Provided entries Block Start
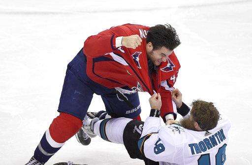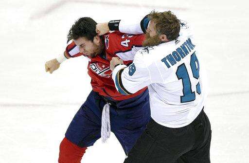 San Jose Sharks center Joe Thornton (19) fights Washington Capitals right wing Tom Wilson (43) during the third period of an NHL hockey game, Monday, Dec. 4, 2017, in Washington. (AP Photo/Nick Wass) The Associated Press
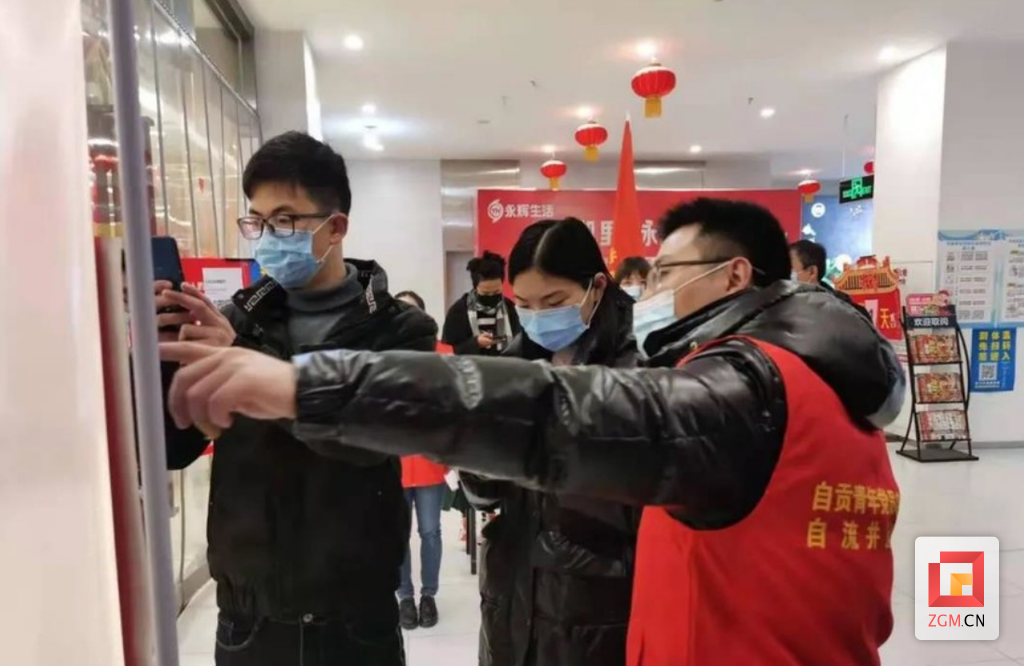 ▲ 春节期间,大安区凤凰街道远达花园社区联合市中医院、区住建局、区农业农村局等区级党员志愿者突击队在辖区各疫情防控点推广四川“天府健康通”健康码、场所码。
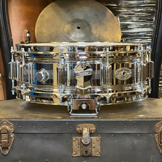 VINTAGE 1963-1967 Rogers 5x14 7-Line Dynasonic Chrome over Brass Snare Drum
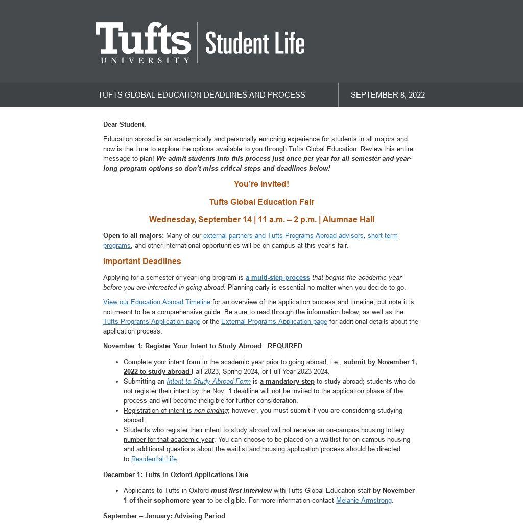 Education abroad is an academically and personally enriching experience for students in all majors and now is the time to explore the options available to you through Tufts Global Education. Review this entire message to plan! We admit students into this process just once per year for all semester and year-long program options so don’t miss critical steps and deadlines below!
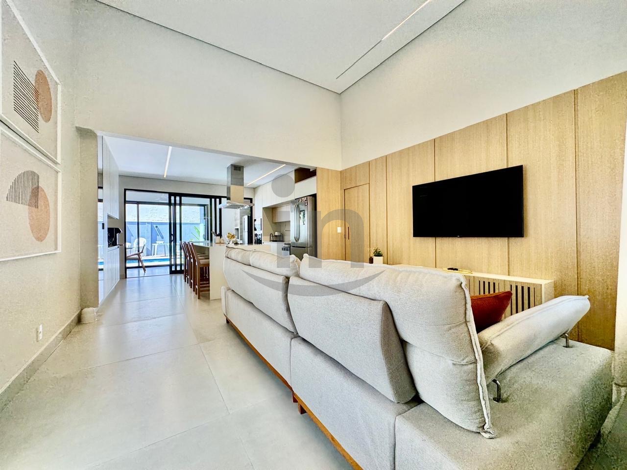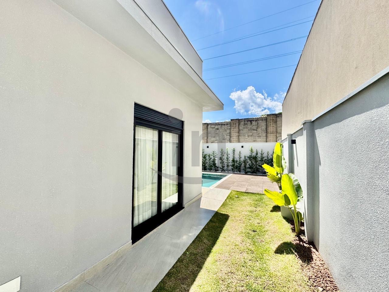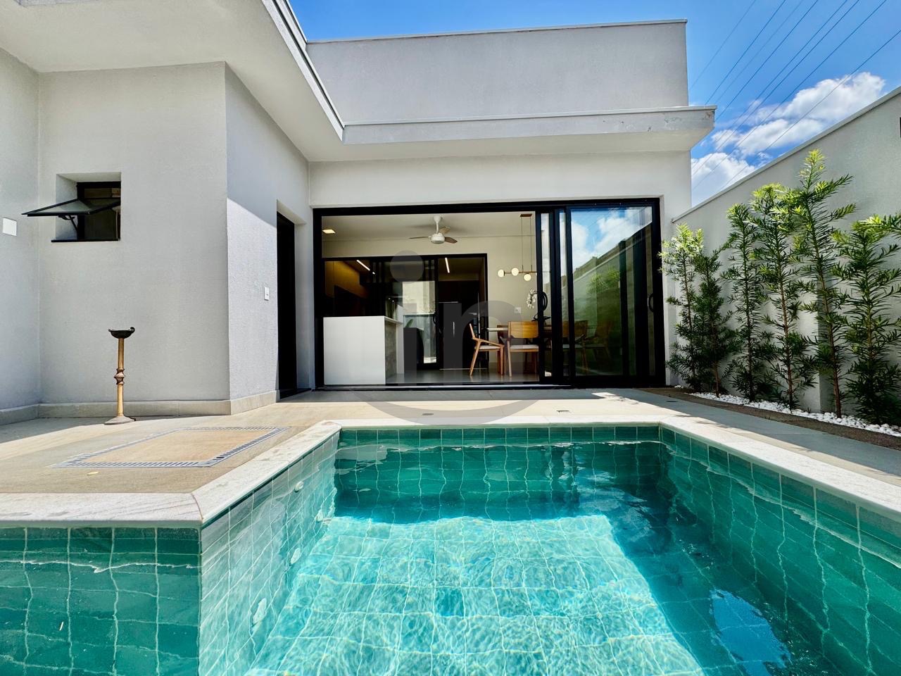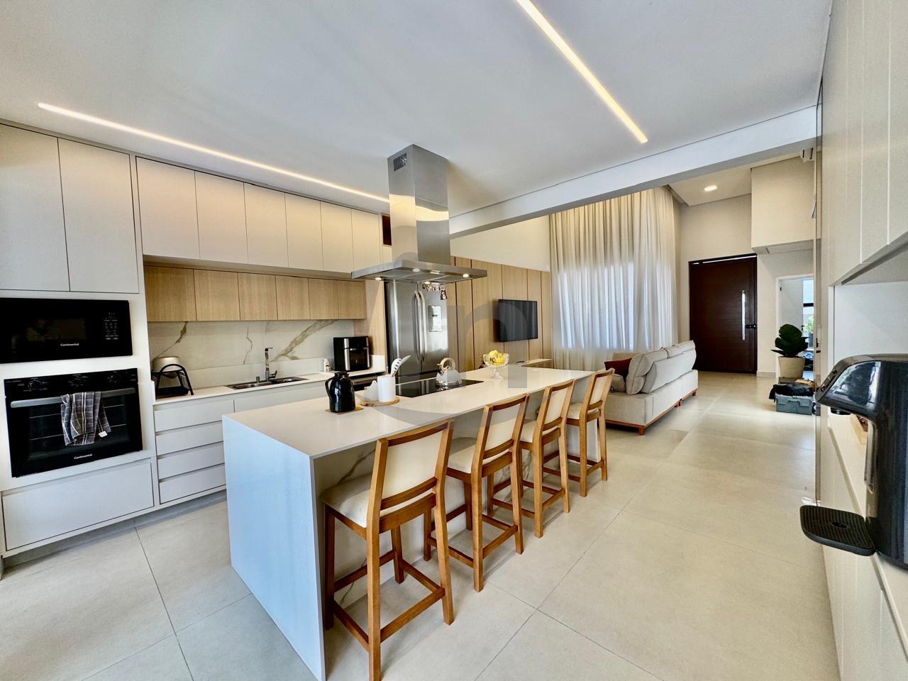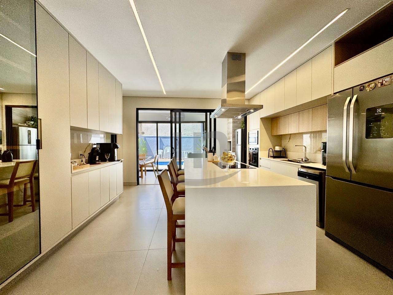 Linda casa térrea, com 3 suítes, master com closet, sala para dois ambientes, lavabo, escritório, cozinha integrada, lazer com área gourmet e piscina aquecida.
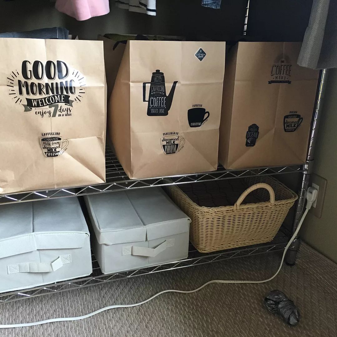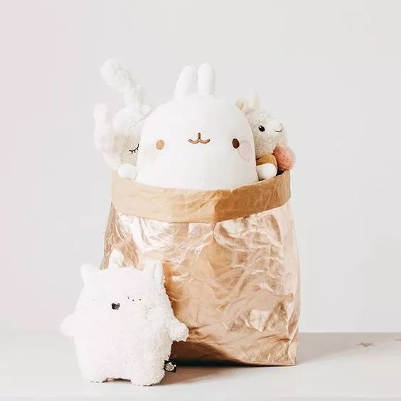纸袋的种类非常多,质地也千变万化各不相同,很多看起来需要用收纳盒收纳的物品,其实用纸袋收纳也非常适合。
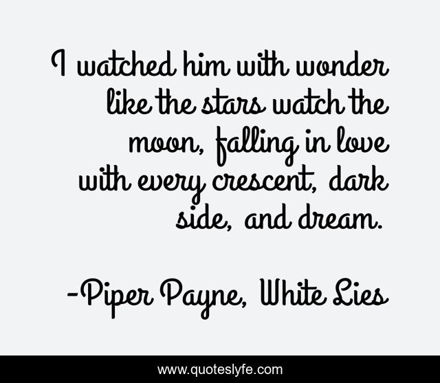 This page presents the quote "I watched him with wonder like the stars watch the moon, falling in love with every crescent, dark side, and dream.". Author of this quote is Piper Payne, White Lies. This quote is about relationships, angsty-love, falling-in-love, love, relationship, moon, romance, romance-book, stars,.
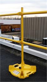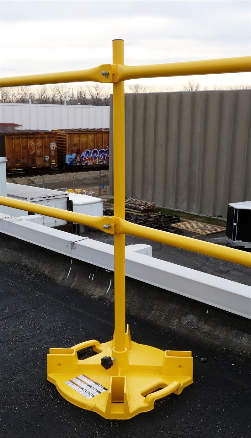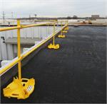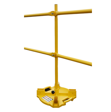 The Ballasted Guardrail is a fast, easy, and economical way to erect temporary guardrail systems to keep workers safe while increasing their productivity. Heavy weighted bases prevent tipping and allow configuration to adapt to almost any situation. Weighted Base Guardrails can be used at perimeters, open curbs, skylights, stair openings and anywhere else a leading edge requires fall protection. Meets and exceeds OSHA Standards for guardrails 29 CFR 1926.502 and 1910.23.
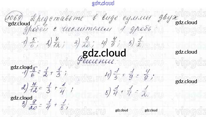 Ответ на задание 1069 Учебник Математика за 6 (шестой) класс Мерзляк, Полонский, Якир Алгоритм успеха 2016
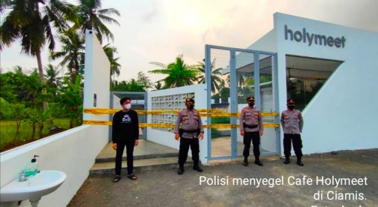 CIAMIS – Cafe Holymeet di Kecamatan Cijeungjing Kabupaten Ciamis, Jaw Barat, disegel oleh personel gabungan satuan fungsi Polres Ciamis Polda Jabar. Penyegelan
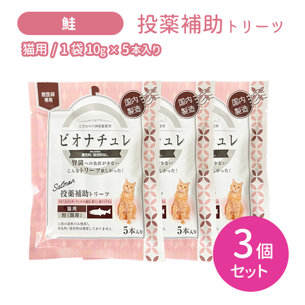 【賞味期限2027.3.31】【3個セット 合計15本】ビオナチュレ 投薬補助トリーツ 猫用 鮭 10g×5本入り 3セット おやつ 国産 国内製造 ペット やぎミルク サーモンオイル 低リン 低ナトリウム 着色料未使用 保存料未使用
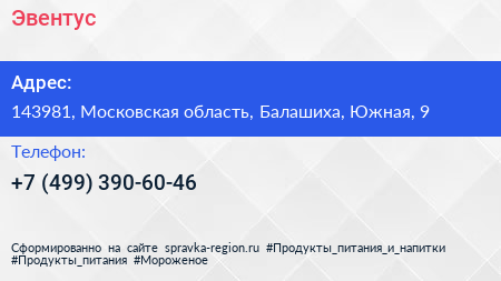 Эвентус по адресу 143981, Московская область, Балашиха, Южная, 9 в дальнейшем Организация, размещена в следующих категориях:
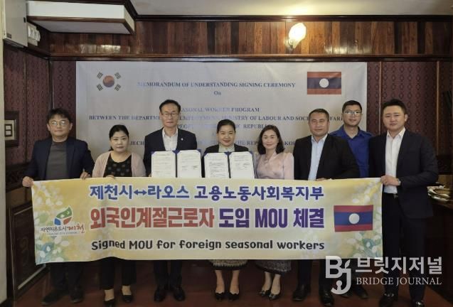 브릿지저널 김경미 기자 | 제천시는 지난 9월 30일 라오스 노동사회복지부와 외국인 계절근로자 도입을 위한 신규 업무협약(MOU) 을 체결했다. 이번 협약은 농번기 원활한 인력 공급을 위해 추진된 것으로, 특히 농촌 인력 공급 국가를 다변화해 불확실성을 최소화하는 데 목적이 있다.
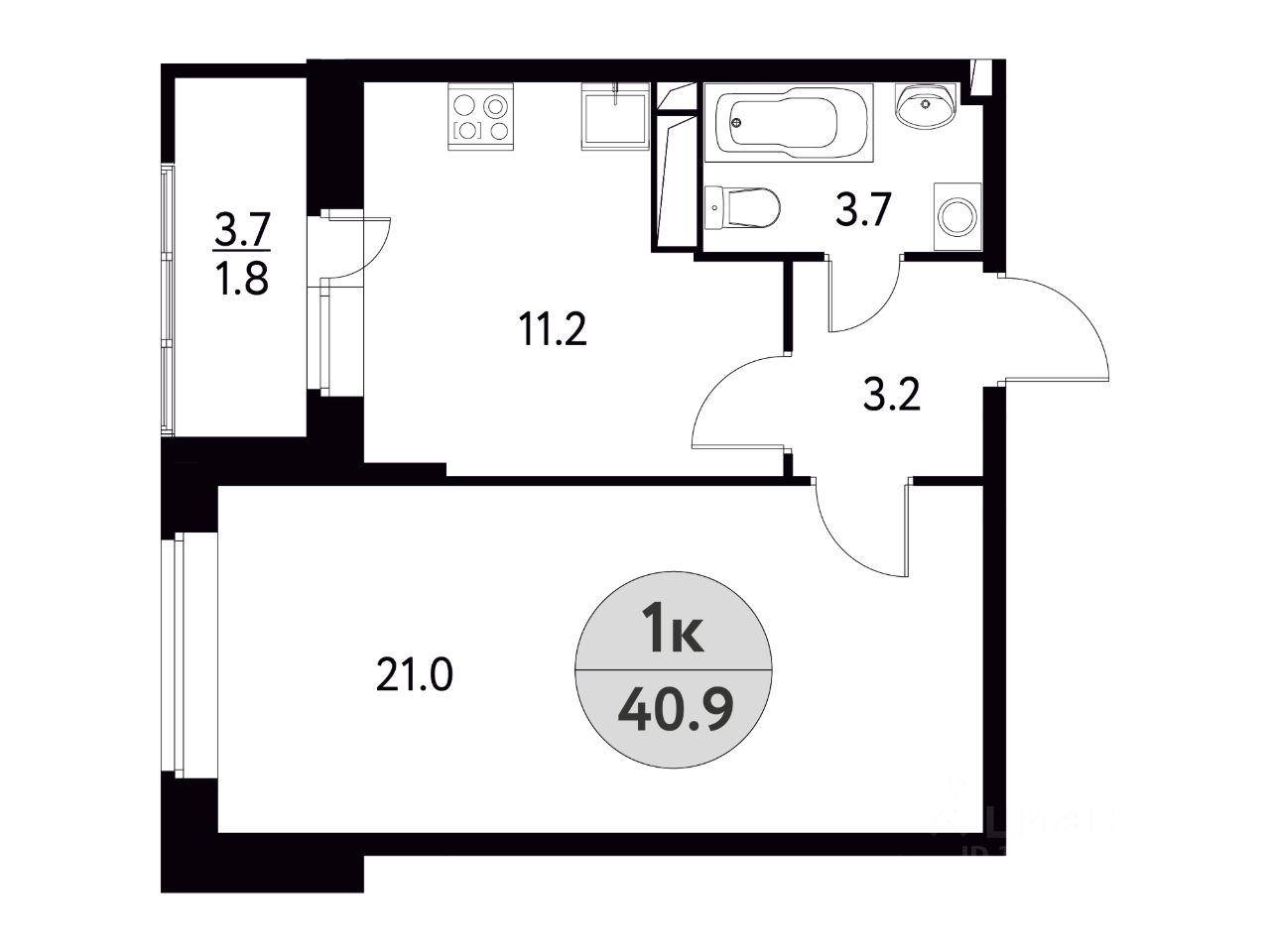 Общая площадь40,9 м²
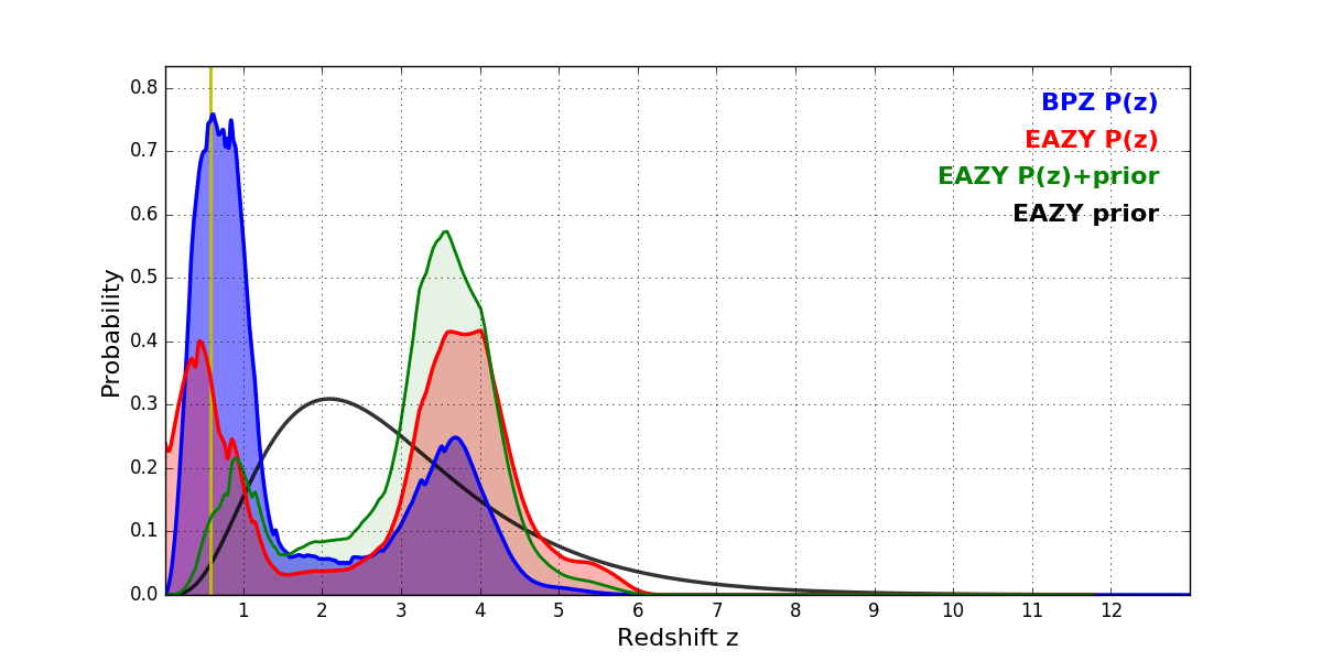 In P(z) plots: Yellow lines mark the cluster redshift z = 0.586,
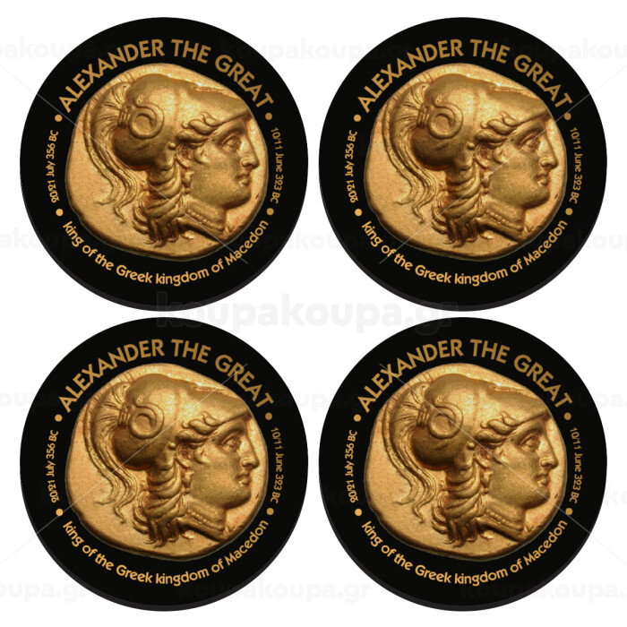 Alexander the Great, SET of 4 round wooden coasters (9cm)
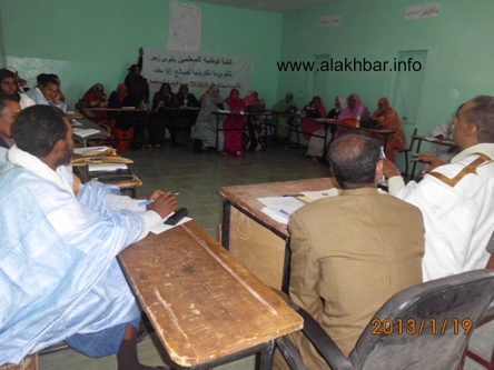 الأخبار(ازويرات)/ نظم قسم النقابة الوطنية للمعلمين صباح اليوم السبت الموافق 19/01/2013 دورة تكوينية لصالح 50 معلما في ازويرات في مبنى مدرسة الواحات وبالتعاون مع الإدارة الجهوية للتهذيب والتكوين المهني في الولاية ,
Provided entries Block End
* **Aim of the exercise**:
No picture should be included when the data are set down again exactly.

* **Written reply**:
 San Jose Sharks center Joe Thornton (19) fights Washington Capitals right wing Tom Wilson (43) during the third period of an NHL hockey game, Monday, Dec. 4, 2017, in Washington. (AP Photo/Nick Wass) The Associated Press
 ▲ 春节期间,大安区凤凰街道远达花园社区联合市中医院、区住建局、区农业农村局等区级党员志愿者突击队在辖区各疫情防控点推广四川“天府健康通”健康码、场所码。
 VINTAGE 1963-1967 Rogers 5x14 7-Line Dynasonic Chrome over Brass Snare Drum
 Education abroad is an academically and personally enriching experience for students in all majors and now is the time to explore the options available to you through Tufts Global Education. Review this entire message to plan! We admit students into this process just once per year for all semester and year-long program options so don’t miss critical steps and deadlines below!
 Linda casa térrea, com 3 suítes, master com closet, sala para dois ambientes, lavabo, escritório, cozinha integrada, lazer com área gourmet e piscina aquecida.
纸袋的种类非常多,质地也千变万化各不相同,很多看起来需要用收纳盒收纳的物品,其实用纸袋收纳也非常适合。
 This page presents the quote "I watched him with wonder like the stars watch the moon, falling in love with every crescent, dark side, and dream.". Author of this quote is Piper Payne, White Lies. This quote is about relationships, angsty-love, falling-in-love, love, relationship, moon, romance, romance-book, stars,.
 The Ballasted Guardrail is a fast, easy, and economical way to erect temporary guardrail systems to keep workers safe while increasing their productivity. Heavy weighted bases prevent tipping and allow configuration to adapt to almost any situation. Weighted Base Guardrails can be used at perimeters, open curbs, skylights, stair openings and anywhere else a leading edge requires fall protection. Meets and exceeds OSHA Standards for guardrails 29 CFR 1926.502 and 1910.23.
 Ответ на задание 1069 Учебник Математика за 6 (шестой) класс Мерзляк, Полонский, Якир Алгоритм успеха 2016
 CIAMIS – Cafe Holymeet di Kecamatan Cijeungjing Kabupaten Ciamis, Jaw Barat, disegel oleh personel gabungan satuan fungsi Polres Ciamis Polda Jabar. Penyegelan
 【賞味期限2027.3.31】【3個セット 合計15本】ビオナチュレ 投薬補助トリーツ 猫用 鮭 10g×5本入り 3セット おやつ 国産 国内製造 ペット やぎミルク サーモンオイル 低リン 低ナトリウム 着色料未使用 保存料未使用
 Эвентус по адресу 143981, Московская область, Балашиха, Южная, 9 в дальнейшем Организация, размещена в следующих категориях:
 브릿지저널 김경미 기자 | 제천시는 지난 9월 30일 라오스 노동사회복지부와 외국인 계절근로자 도입을 위한 신규 업무협약(MOU) 을 체결했다. 이번 협약은 농번기 원활한 인력 공급을 위해 추진된 것으로, 특히 농촌 인력 공급 국가를 다변화해 불확실성을 최소화하는 데 목적이 있다.
 Общая площадь40,9 м²
 In P(z) plots: Yellow lines mark the cluster redshift z = 0.586,
 Alexander the Great, SET of 4 round wooden coasters (9cm)
 الأخبار(ازويرات)/ نظم قسم النقابة الوطنية للمعلمين صباح اليوم السبت الموافق 19/01/2013 دورة تكوينية لصالح 50 معلما في ازويرات في مبنى مدرسة الواحات وبالتعاون مع الإدارة الجهوية للتهذيب والتكوين المهني في الولاية ,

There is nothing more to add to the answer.